Suppose we wish to represent the inventory of a toy store that sells such things as dolls, make-up sets, clowns, bows, arrows, and soccer balls. To make an inventory, a store owner would start with an empty sheet of paper and slowly write down the names of the toys on the various shelves.
Representing a list of toys in Scheme is straightforward. We can simply use Scheme's symbols for toys and then construct lists from them. Here are a few short samples:
empty (cons 'ball empty) (cons 'arrow (cons 'ball empty)) (cons 'clown empty) (cons 'bow (cons 'arrow (cons 'ball empty))) (cons 'clown (cons 'bow (cons 'arrow (cons 'ball empty))))For a real store, the list will contain many more items, and the list will grow and shrink over time. In any case, we cannot say in advance how many items these inventory lists will contain. Hence, if we wish to develop a function that consumes such lists, we cannot simply say that the input is a list with either one, two, three, or four items. We must be prepared to think about lists of arbitrary length.

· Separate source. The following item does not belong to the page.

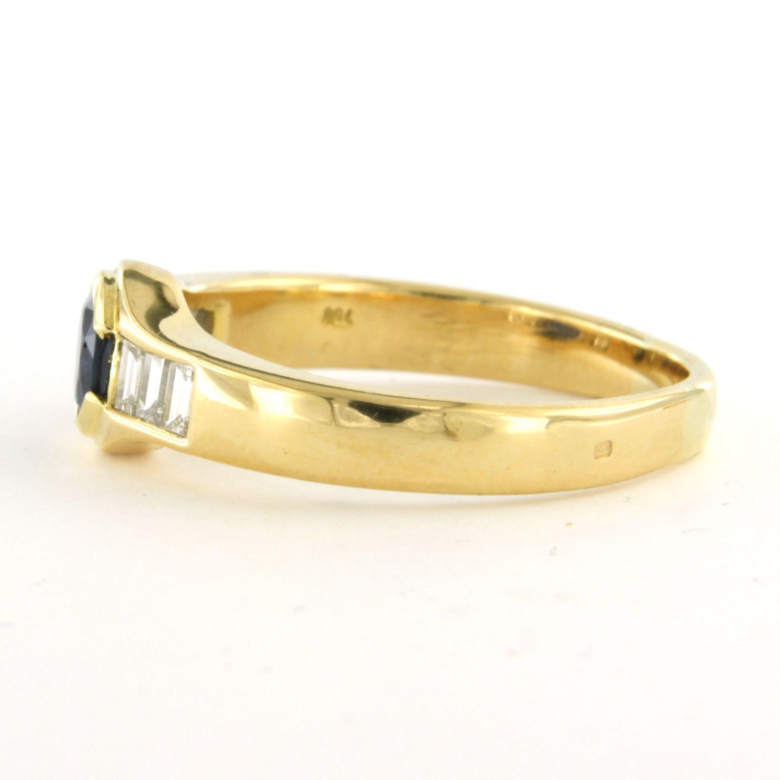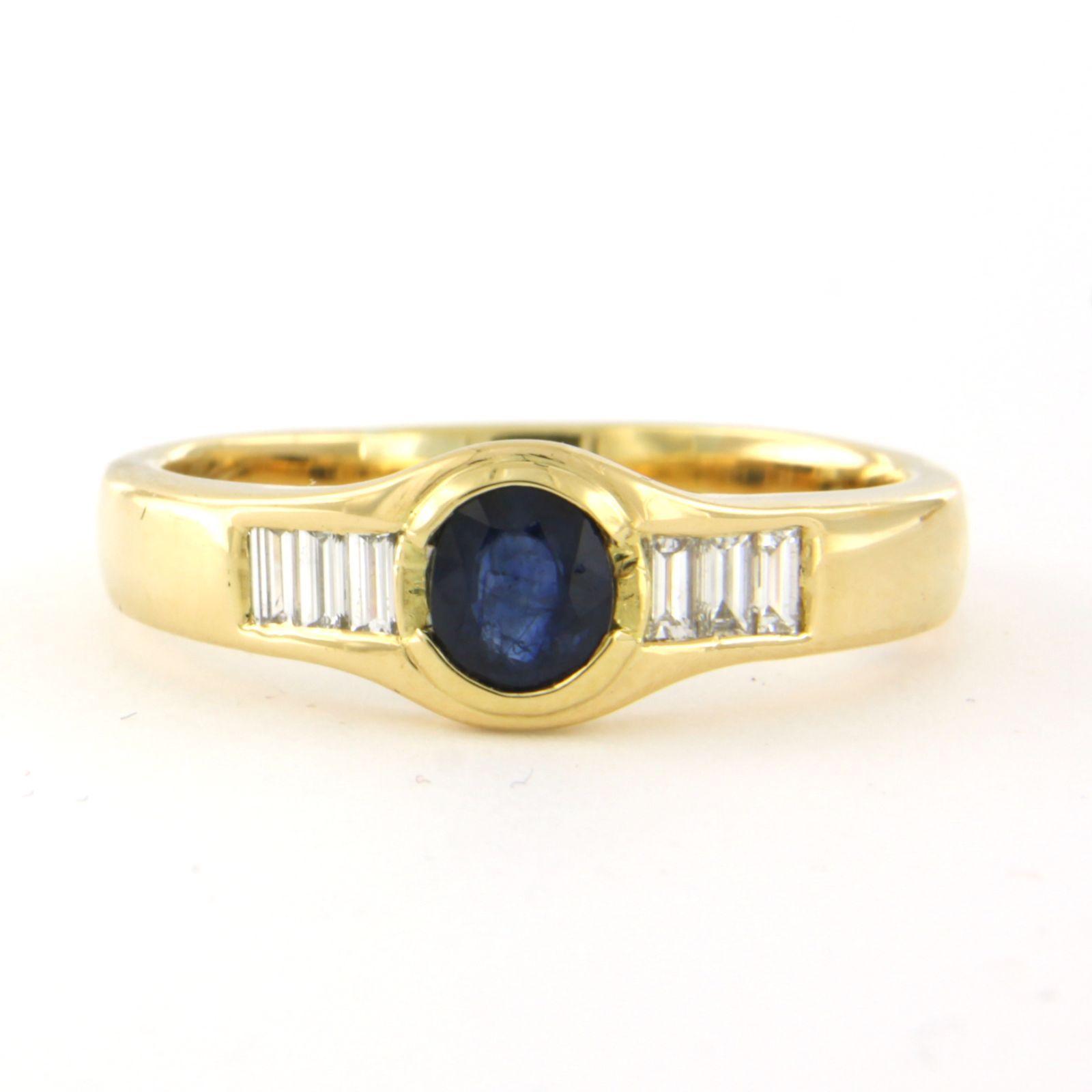 18 Kt. geelgouden ring bezet met saffier tot. 0,70ct en baquet geslepen diamanten tot. 0,50ct - F/G - VS/SI - ringmaat 21,25(67)

In other words, we need a data definition that precisely describes the class of lists that contain an arbitrary number of symbols. Unfortunately, the data definitions we have seen so far can only describe classes of data where each item is of a fixed size, such as a structure with a specific number of components or a list with a specific number of items. So how can we describe a class of lists of arbitrary size?
Looking back we see that all our examples fall into one of two categories. The store owner starts with an empty list and constructs longer and longer lists. The construction proceeds by constructing together a toy and another list of toys. Here is a data definition that reflects this process:
A list-of-symbols is either
- the empty list, empty, or
- (cons s los) where s is a symbol and los is a list of symbols.
This definition is unlike any of the definitions we have seen so far or that we encounter in high school English or mathematics. Those definitions explain a new idea in terms of old, well-understood concepts. In contrast, this definition refers to itself in the item labeled 2, which implies that it explains what a list of symbols is in terms of lists of symbols. We call such definitions SELF-REFERENTIAL or RECURSIVE.
At first glance, a definition that explains or specifies something in terms
of itself does not seem to make much sense. This first impression, however,
is wrong. A recursive definition, such as the one above, makes sense as
long as we can construct some elements from it; the definition is correct
if we can construct all intended elements.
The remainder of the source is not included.